### Exercise brief
Every record that follows must be duplicated exactly, with images left out.

### Data under study
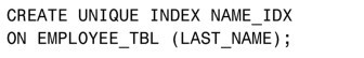如果想对表EMPLOYEE_TBL里雇员的姓创建唯一索引,相应的命令如下所示:
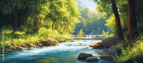 The watermark will not be included on Wall mural.: A river flows through a lush forest, sunlight streaming through the trees, creating a picturesque sc
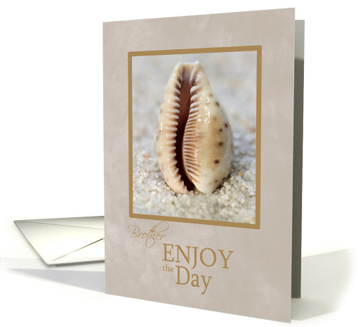 Photographic Cypraeidae seashell in sand encouragement card for Brother. Enjoy the day and discover beauty in every single day.
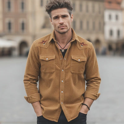 Men's Classic Corduroy Embroidered Casual Long-sleeved Shirt MTZ0537A6U
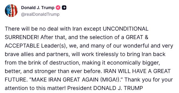 特朗普又发帖了:“除了无条件投降,不会与伊朗达成任何协议!”
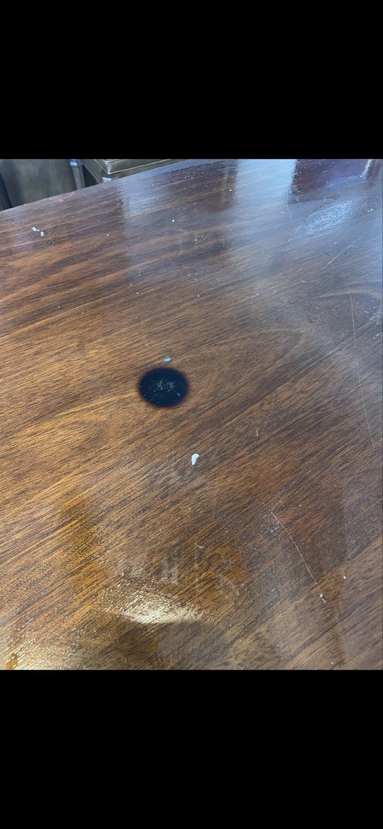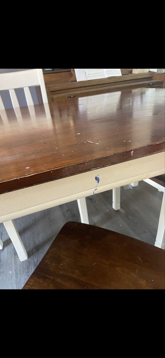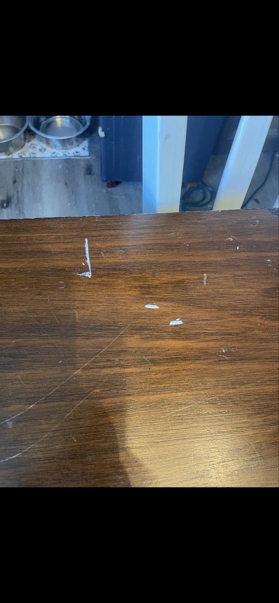 VenmoOld crafting table. Has some dents. Has some paint marks. And an old burn spot. Made of some wood like material. Still holds your food. Use a table cloth if you want. I won’t care.
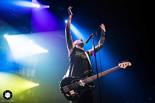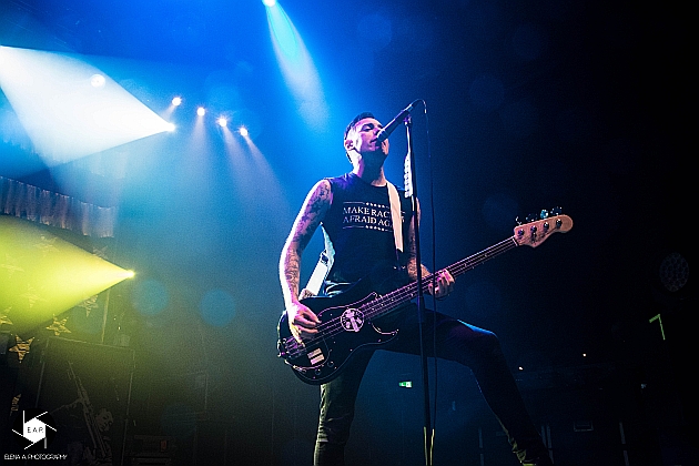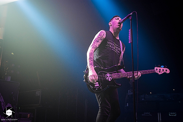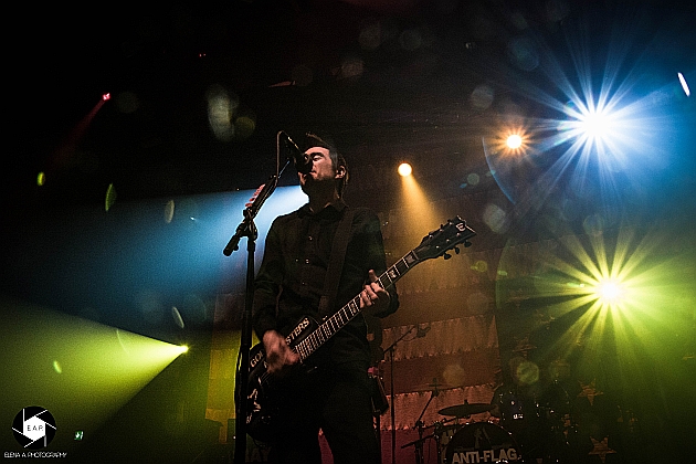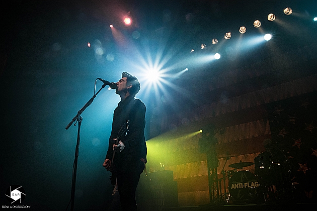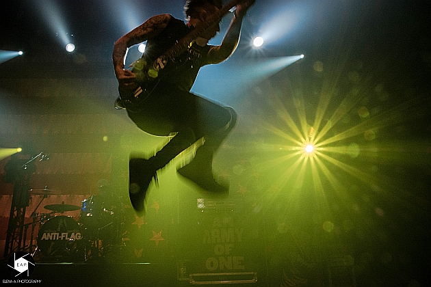 After a short set change, ANTI-FLAG came on stage with a well-planned performance. These were also full of energy, even though they had already given a concert in Cologne on the same day. The stage presence was great and the energy of the four-headed band immediately passed to the crowd. These sang every single song and had a lot of fun. The atmosphere was great and the band enjoyed the cheers of the people. The focus of the playlist were the albums ‘For Blood and Empire’ and ‘American Spring’. But also older songs like ‘Die for the Government’ were well-known by the fans. It was noticeable that the band had many years of stage experience. Justin Sane, for example, often jumped in front of the photographers and showed off. Chris # 2 also jumped back and forth and presented the photographers and, of course, the audience the finest jumps. Overall it was a successful evening. The first group warmed the crowd up for ANTI-FLAG and these delivered a generally good show. http://www.americanspring.net / https://www.facebook.com/anti.flag.official
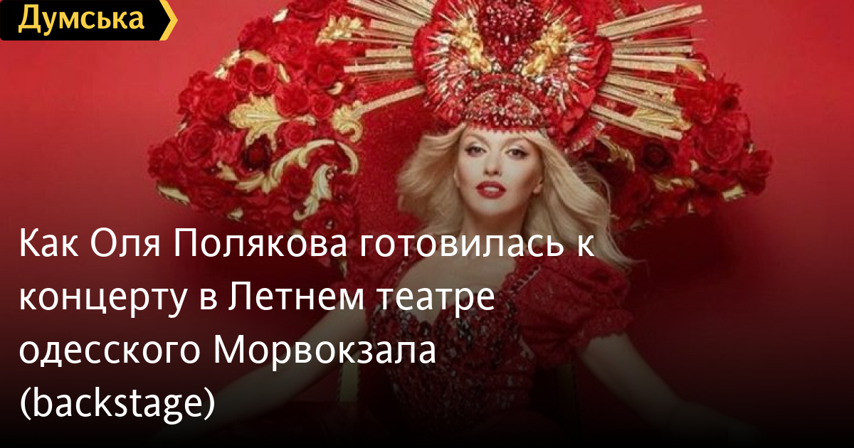 Как Оля Полякова готовилась к концерту в Летнем театре одесского Морвокзала (backstage)Кто такие поляковщики, сколько занимает предконцертный грим Поляковой, сколько кокошников в коллекции у певицы. Об этом и не только в новом видео для проекта #backstage. СМЕРТЬ РОССИЙСКИМ ОККУПАНТАМ! Заметили ошибку? Выделяйте слова с ошибкой и нажимайте control-enter |
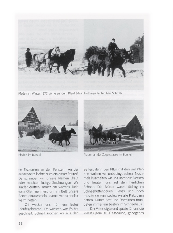 Unser kleiner Hof reichte nur für das Allernötigste. Das Milchgeld sank immer mehr, aber die Zinsen blieben gleich hoch. Wenn man Weizen säte, wollte ihn kein Müller kaufen mit der Begründung, der Amerikaweizen sei viel schöner. Brot konnten wir leider nicht selber backen, weil der Ofen keine Unterhitze abgab. Mit Bitten und Anhalten und weil wir gute Brotkunden waren, liess sich ein Müller doch erweichen.
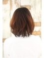 肩上レングスのボブ。トップセクションのみにレイヤーを入れて動きを出しているのでパサツキ感を抑えつつ動きが出せます。

### Exercise result
如果想对表EMPLOYEE_TBL里雇员的姓创建唯一索引,相应的命令如下所示:
 The watermark will not be included on Wall mural.: A river flows through a lush forest, sunlight streaming through the trees, creating a picturesque sc
 Photographic Cypraeidae seashell in sand encouragement card for Brother. Enjoy the day and discover beauty in every single day.
 Men's Classic Corduroy Embroidered Casual Long-sleeved Shirt MTZ0537A6U
 特朗普又发帖了:“除了无条件投降,不会与伊朗达成任何协议!”
 VenmoOld crafting table. Has some dents. Has some paint marks. And an old burn spot. Made of some wood like material. Still holds your food. Use a table cloth if you want. I won’t care.
 After a short set change, ANTI-FLAG came on stage with a well-planned performance. These were also full of energy, even though they had already given a concert in Cologne on the same day. The stage presence was great and the energy of the four-headed band immediately passed to the crowd. These sang every single song and had a lot of fun. The atmosphere was great and the band enjoyed the cheers of the people. The focus of the playlist were the albums ‘For Blood and Empire’ and ‘American Spring’. But also older songs like ‘Die for the Government’ were well-known by the fans. It was noticeable that the band had many years of stage experience. Justin Sane, for example, often jumped in front of the photographers and showed off. Chris # 2 also jumped back and forth and presented the photographers and, of course, the audience the finest jumps. Overall it was a successful evening. The first group warmed the crowd up for ANTI-FLAG and these delivered a generally good show. http://www.americanspring.net / https://www.facebook.com/anti.flag.official
 Как Оля Полякова готовилась к концерту в Летнем театре одесского Морвокзала (backstage)Кто такие поляковщики, сколько занимает предконцертный грим Поляковой, сколько кокошников в коллекции у певицы. Об этом и не только в новом видео для проекта #backstage. СМЕРТЬ РОССИЙСКИМ ОККУПАНТАМ! Заметили ошибку? Выделяйте слова с ошибкой и нажимайте control-enter |
 Unser kleiner Hof reichte nur für das Allernötigste. Das Milchgeld sank immer mehr, aber die Zinsen blieben gleich hoch. Wenn man Weizen säte, wollte ihn kein Müller kaufen mit der Begründung, der Amerikaweizen sei viel schöner. Brot konnten wir leider nicht selber backen, weil der Ofen keine Unterhitze abgab. Mit Bitten und Anhalten und weil wir gute Brotkunden waren, liess sich ein Müller doch erweichen.
 肩上レングスのボブ。トップセクションのみにレイヤーを入れて動きを出しているのでパサツキ感を抑えつつ動きが出せます。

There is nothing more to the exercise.